Do patients with NSCLC and EGFR mutations have a particular pattern of metastasis?

The study investigated whether a common mutation in non small-cell lung cancer (NSCL), an EGFR mutation, can predict metastatic patterns (how cancer spreads to distant parts of the body) in advanced disease.

NSCLC is a common type of lung cancer that can have various underlying causes. Mutations (changes in DNA) are commonly associated with NSCLC, especially in metastatic cancer (cancer has spread to a new part of the body). Two of the most common mutations associated with metastatic NSCLC are in the epidermal growth factor receptor (EGFR) and KRAS proteins.

Patients with both types of mutations are commonly treated with drugs known as tyrosine kinase inhibitors (TKIs), for example Iressa and Tarceva. When compared to patients with both mutated and non-mutated KRAS proteins, those with EGFR mutations are shown to most benefit from treatment with TKI’s.

However a common issue associated with EGFR positive mutations is metastasis into the brain; this is thought to be caused by the fact that TKI’s cannot reach the brain to prevent cancer from occurring. After brain, bone is the next most common site of metastasis for NSCLC, and like brain metastasis it severely impacts the patients’ quality of health and survival.

This study aimed to investigate whether a pattern of metastasis existed in patients with EGFR positive cancer when compared to both patients with and without KRAS mutations.

189 patients were included in the study, 62 patients with EGFR mutations, 65 patients with KRAS mutations and 62 patients with no EGFR/KRAS mutations. 93.5% of all EGFR patients received TKI based therapy at some point during their treatment.

Average overall survival (time between start of treatment and death) was longer in patients with EGFR mutations (26.7 months) compared to those with KRAS mutations (11months) and those with no mutation (11.5months).

Rate of brain metastasis did not differ between the three groups, 32.3% in the EGFR group developed metastasis compared to 35.4% in the KRAS positive group and 40.3% in the non-mutated patients.
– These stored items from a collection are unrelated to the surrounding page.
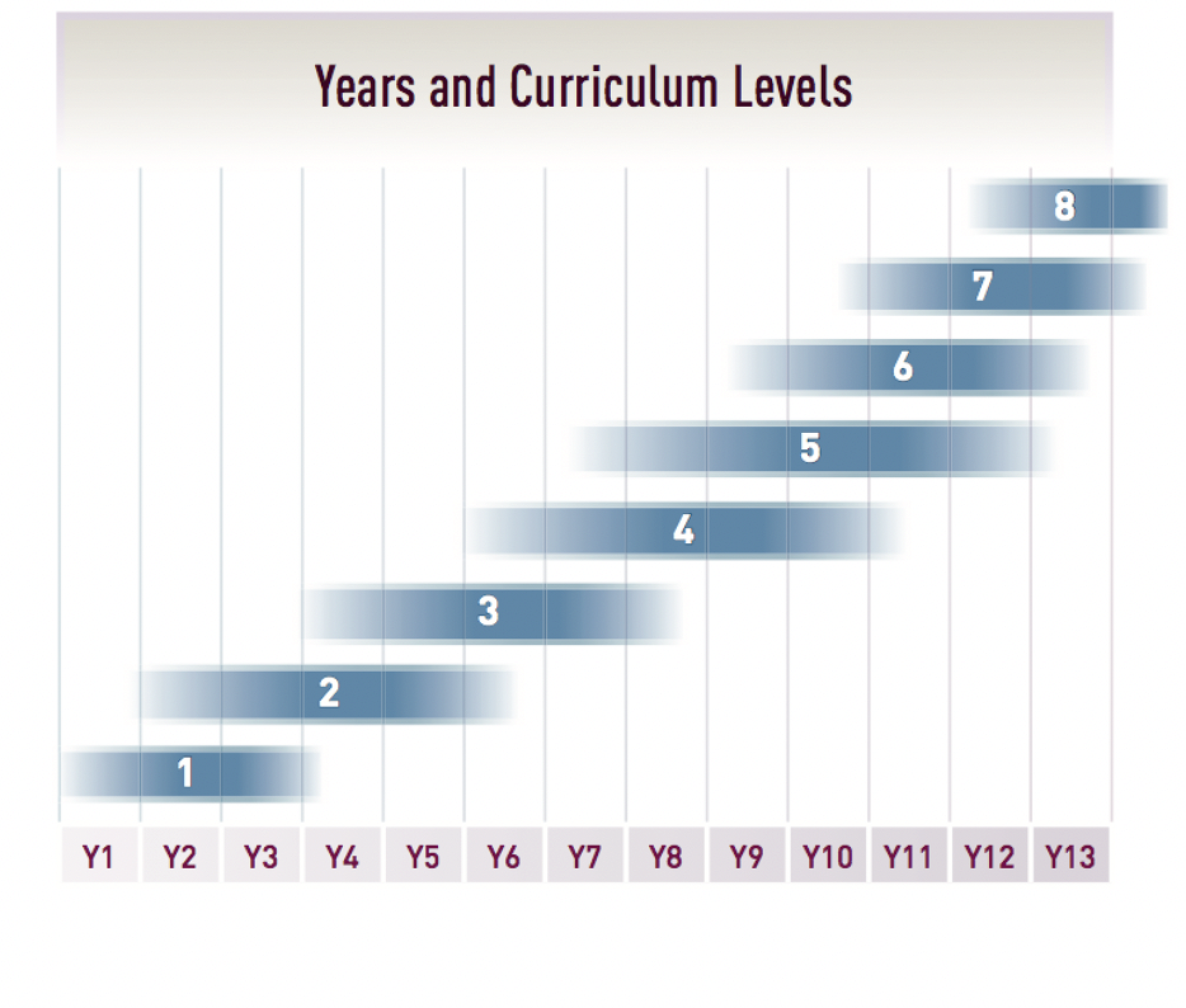 Radial dials (referring to the green and blue circles on the photo below). These refer to how much for each curriculum level has been completed by your child. Please see the second photo (the one that looks like a graph) that comes from the NZ Curriculum which provides you with a guide of how many curriculum levels your child should be achieving per years at school. A general guide in NZ is two years at school per one curriculum level.
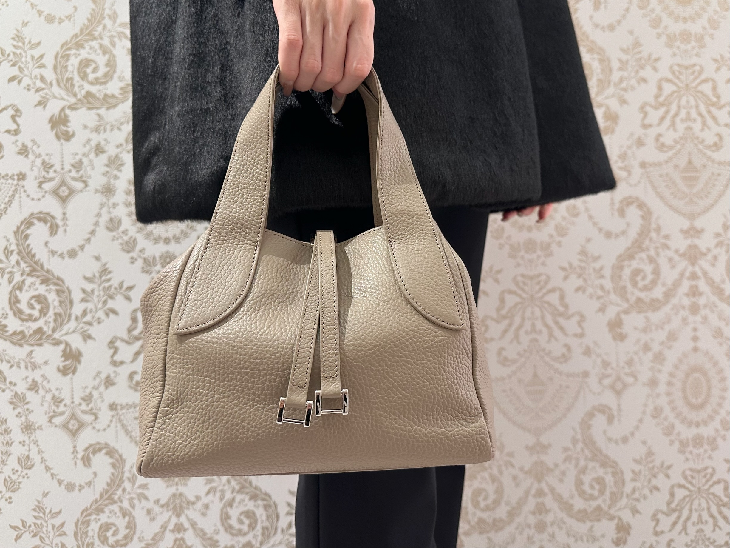 クラシックな雰囲気を纏うカウレザーを使用したバッグをチョイス。
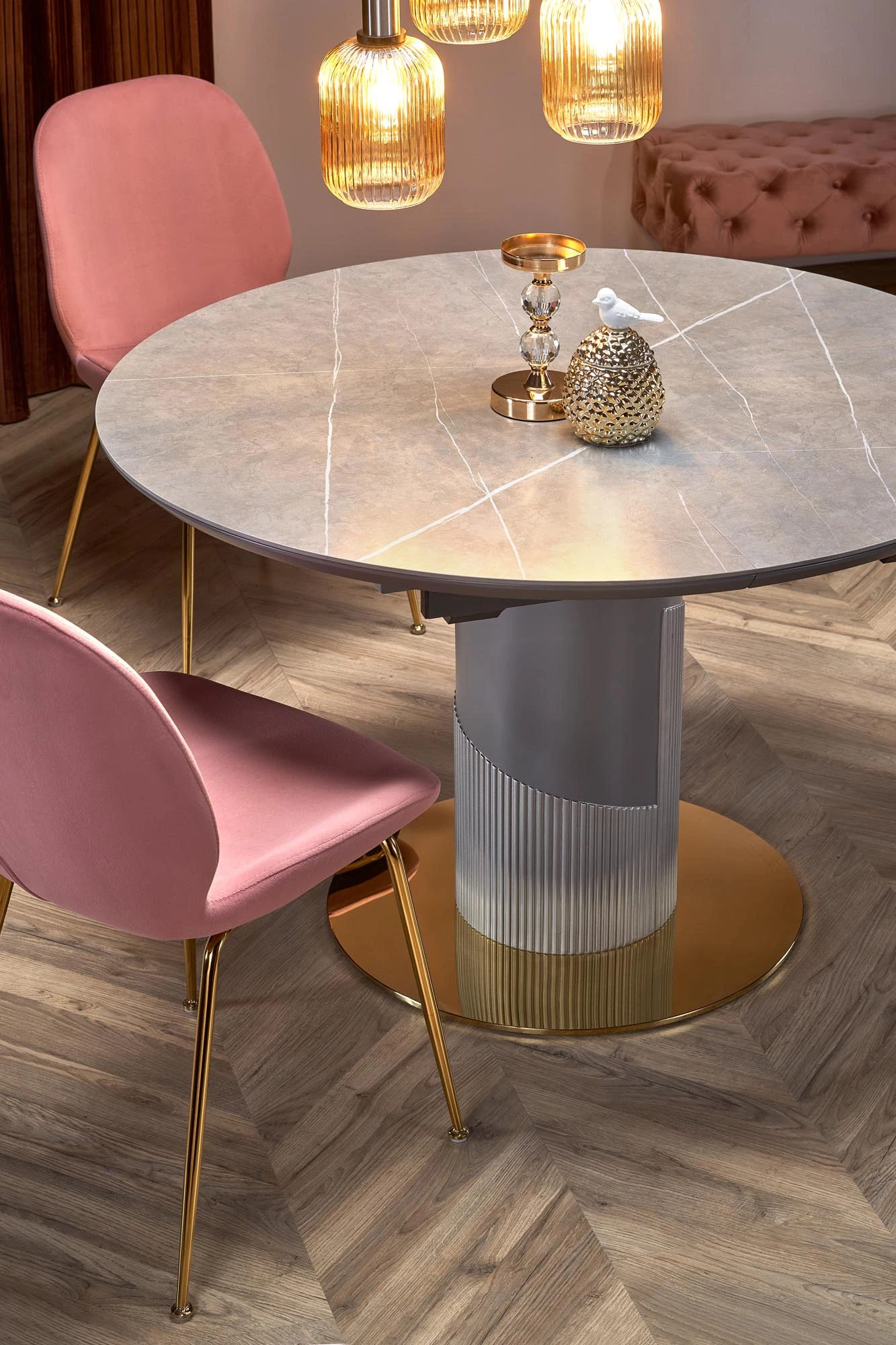 Stół rozkładany MUSCAT okrągły popielaty marmur 120 - 160 cm

No significant difference in metastatic brain cancer survival was observed, however patients with EGFR mutations took longer to develop brain metastasis

Rate of bone metastasis did not differ between the three groups.

Average survival after bone metastasis diagnosis was however shown to be longer in patients with EGFR mutation (15.5months) compared to patients with KRAS mutations (9.0 months) and those with no mutation (3.2 months).

Patients with EGFR mutations were shown to have a better outcome in terms of progression to metastatic disease and survival when associated with bone metastasis.